Предчувствие страшного – это всепронизывающий сырой воздух романа. Всё, что есть живого и горячего – разлито по отдельным человеческим особям. Отдельно душевен Григорий, по-отрочески трогателен Алёша, отдельный (особенно когда он отделён от царства) располагает своей мягкостью и меланхолическим фатализмом «папа», пророческие поэты, победители революции, культурозаступники-писатели... даже усатый немецкий ефрейтор, ползущий под пули спасать собачку. Каждого коснёшься – согревает. А между: беспредельный медленно клубящийся холодный кошмар. Обобществлён, социализирован – сон. Но из снов мало кто делает выводы для действительной жизни, сны перерабатываются в другие формы нерассудочного. Омывают явь. И шумят, гудят неразборчиво и тревожно. Пока наконец не рыкнет рухающая дамба.

Двадцатый – век-жертва, нельзя не признать. Закланный и подожжённый со всех боков. С чем сравнить? Может быть с XVII-ым веком, взвихрённым, жертвоносным? Тоже революции и общеевропейские войны, прорыв вперёд (самоосознание масс, зрелость науки) и... назад («новое издание крепостного права», религиозный обскурантизм). Серьёзные лица! На картинах они – выхваченные жёлтым свечным отсветом из черноты. Имелся, конечно и игривый классицизм – в местах, которые не кольнуло общим бедствием.

Отвернулся бы от окна и прогулялся бы вдоль книжных полок. Взглядом. И пальцем по корешкам. С кем сравним? «Баудолино» профессора Умберто? «Чапаев и пустота» бодхисаттвы Пелевина? Оба используют историческую материю, чтобы ввести читателя в интеллектуалистический морок, у них под каждым хорошо раскрашенным персонажем копошится тьма паразитов-знаков; колупни корку – разбегутся. Владимир Мироненко наоборотным образом: он для виду колдует, сновидствует, а при этом – тормошит, пробуждает серьёзное и болезенно-трезвое историческое чувство; и образины поп-культуры служат ему, как гоголевский чёрт гоголевскому кузнецу. Может быть, он всего лишь хотел рассказать страшную детскую сказку на ночь. Но она звучит как побудка.
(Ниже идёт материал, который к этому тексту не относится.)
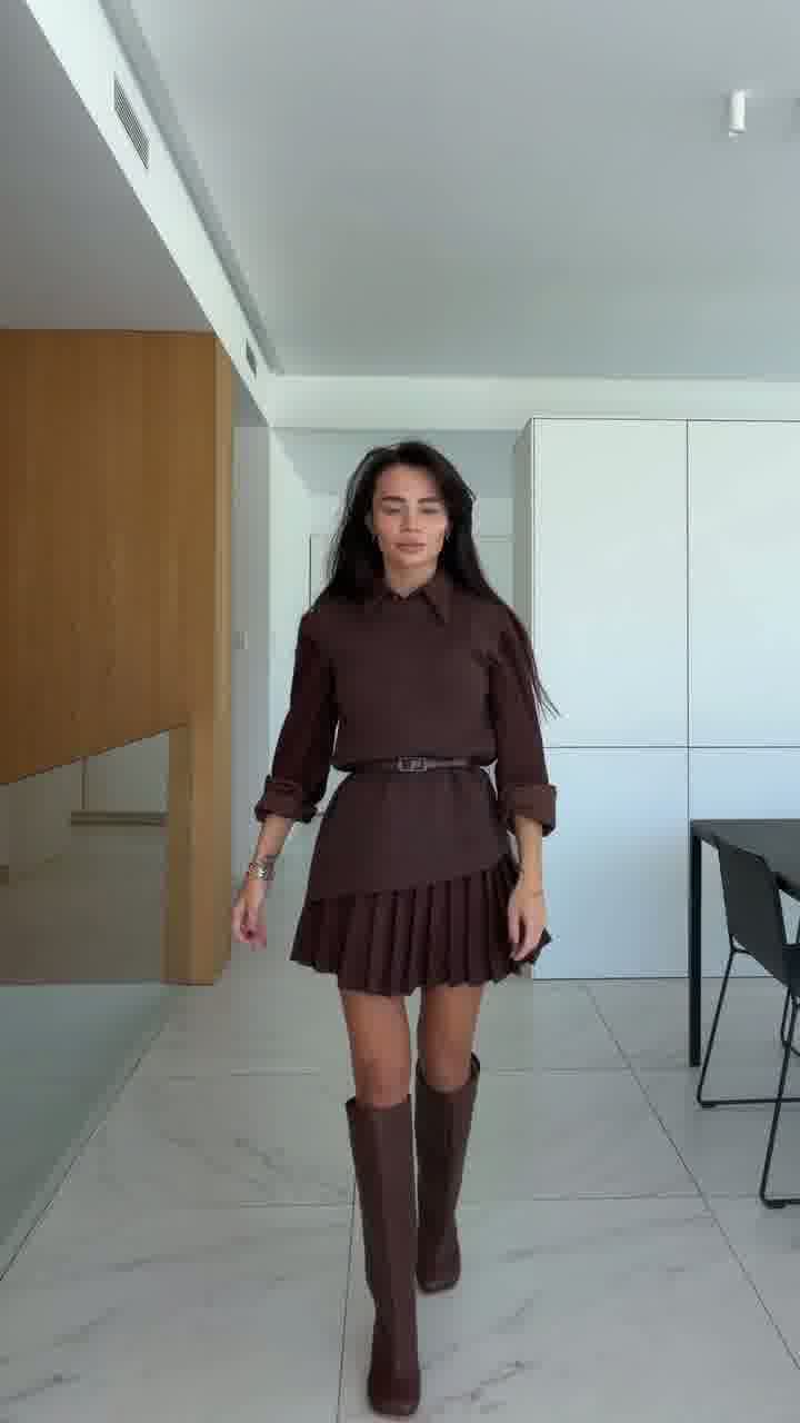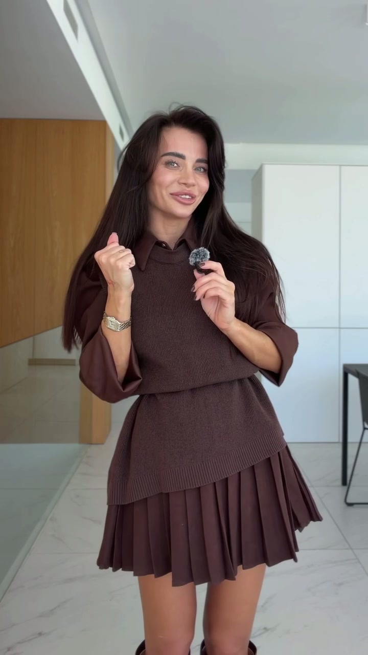 Stylowy komplet składający się z sukienki w kratę oraz dopasowanej kamizelki. Model łączy elegancję z modnym, szkolnym klimatem w nowoczesnym wydaniu. Plisowany dół dodaje lekkości, a kamizelka podkreśla talię i nadaje stylizacji charakteru.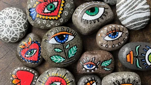 Materiales necesarios: Piedras lisas de tamaño pequeño a mediano, pinceles, pinturas acrílicas, agua, paleta de colores, hojas o ramas secas para decoración.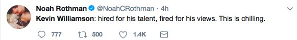 Notice that none of these conservative pundits decrying Kevin Williamson's firing actually want to acknowledge the "views" that lead to it.pic.twitter.com/gsXED5Sazx
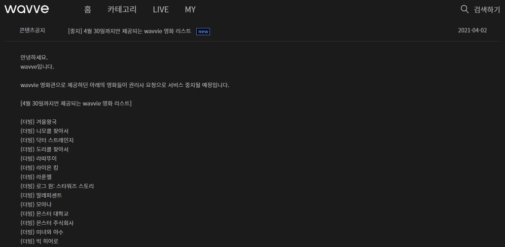 3일 웨이브에 따르면 월정액 영화 상품인 웨이비 영화관에서 제공하던 디즈니의 주요 콘텐츠들을 이달 말까지만 서비스하게 됐다.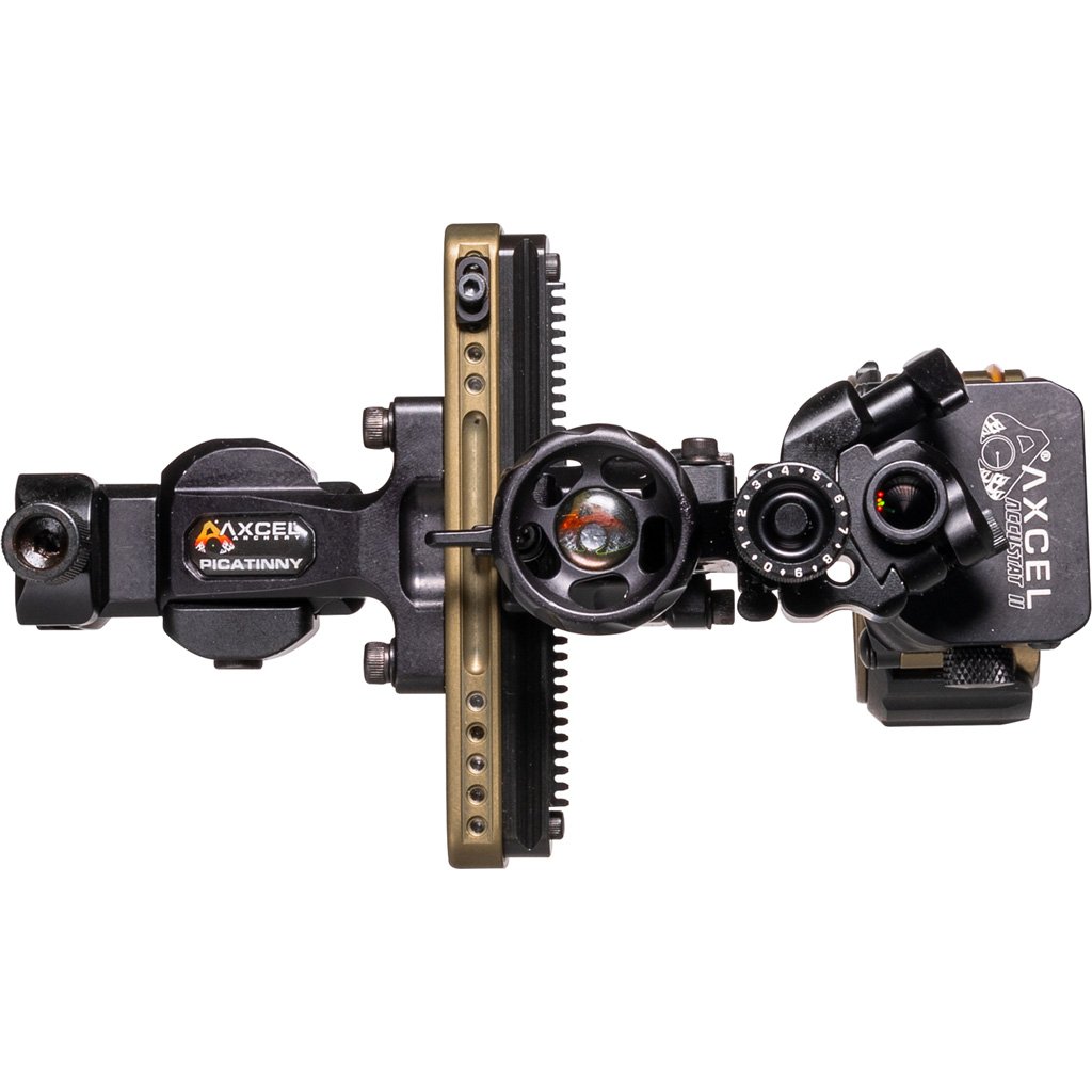 The Axcel LANDSLYDE Picatinny Slider Sight, paired with the AccuStat II Micro Pin, is a state-of-the-art tactical bowhunting sight designed for the archer who demands the best. It features a robust Picatinny mounting system for stability, a rapid adjust knob for swift elevation changes, and smooth gear action for quiet movement. True 1st/2nd/3rd axis adjustments provide unparalleled accuracy. The sight also includes a removable sight block and two adjustable pointers for meticulous aiming. Crafted with 8 double-sided metal scales, the LANDSLYDE offers 16 total configuration choices to cater to various shooting conditions and preferences, all while being durable enough to withstand the rigors of outdoor use.

В том веке случилось мало праздничного. Притом он, действительно, зрелищнее окружающих его времён. Он разбирает и пересобирает, комбинирует, меняет местами верх и низ – работает по специфической «логике» сна. Кажется, не случайно в нём изобретено «бессознательное» и кино – конгениальный выразитель его. А роман Владимира лучше... слушать. Из пубертатного двадцать первого века – слушать не отпускающий двадцатый. Всё не могущий спокойно умереть. Как отравленный и исстрелянный Распутин подо льдом.
Tags: чтиво

  • Post a new comment

    Error

    Your reply will be screened

    Your IP address will be recorded 

  • 0 comments
Create an Account
Forgot your login or password?
Facebook Twitter More login options
English • Español • Deutsch • Русский…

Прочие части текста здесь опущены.